Call of Duty: Advanced Warfare in action.

Activision Publishing has been shy about disclosing the number of Call of Duty: Advanced Warfare copies that it has sold — or how much revenue the game is generating in comparison to last year’s Call of Duty: Ghosts.

Analysts are assuming the comparison isn’t that favorable. But Activision, a division of Activision Blizzard and one of the biggest game companies on Earth, has disclosed just about every other number related to Advanced Warfare. The publisher has said that the Call of Duty franchise has generated more than $10 billion in revenue in the past decade, but it has been mum on each game’s revenue. The number matters to analysts because the success of Call of Duty — arguably the industry’s most valuable franchise — is closely connected to Activision Blizzard’s stock price.

In an infographic, Activision announced today that 125 million people have played Call of Duty since 2010. That’s more people than the top 300 cities combined in the United States.

Activision said that players played more than 370 million online matches in Advanced Warfare in its first week.

Viewers also watched 5 million hours of Call of Duty livestreamed gameplay videos on Twitch. That’s about 623 years of gameplay video.

Players have performed 16.1 billion boost jumps in the game, where your character jumps to the top of a building — a key feature of the exoskeleton that soldiers of the future will wear. That is the equivalent of 230 trips to the moon from Earth.

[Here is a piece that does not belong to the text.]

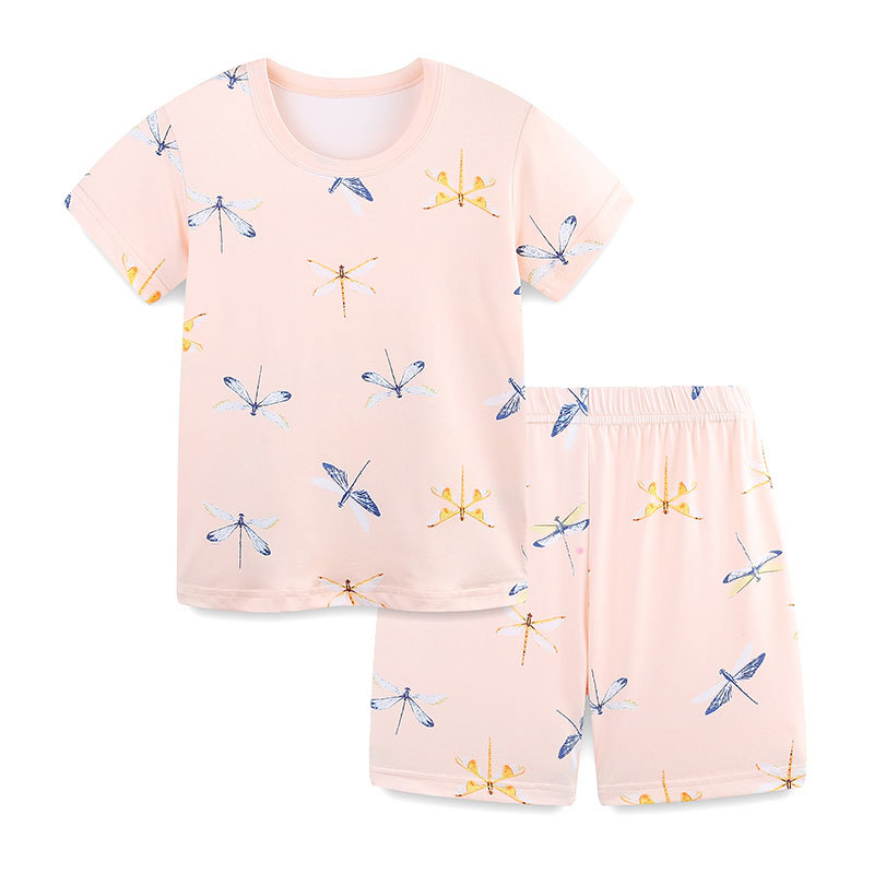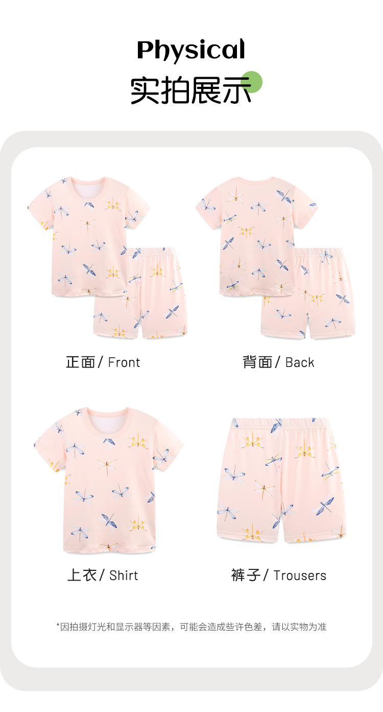 25 여름 새 여아 홈 의류 투피스 세트 유럽과 미국 스타일 라운드 넥 어린이 반팔 세트 캐주얼 파자마

Players have also earned 1 quadrillion experience points. That’s enough to earn 15th level Prestige 58.2 million times.

In the first two weeks Advanced Warfare’s November launch, players have raised 285 million items of loot, or items that you pick up as rewards in the game. That is more than 230 pieces of loot per second.

On Nov. 19, Activision said that Call of Duty was the top entertainment property of 2014. And overall, Activision claimed that Call of Duty had generated more revenue than household movie franchises as The Hunger Games, Transformers, Iron Man, and The Avengers combined.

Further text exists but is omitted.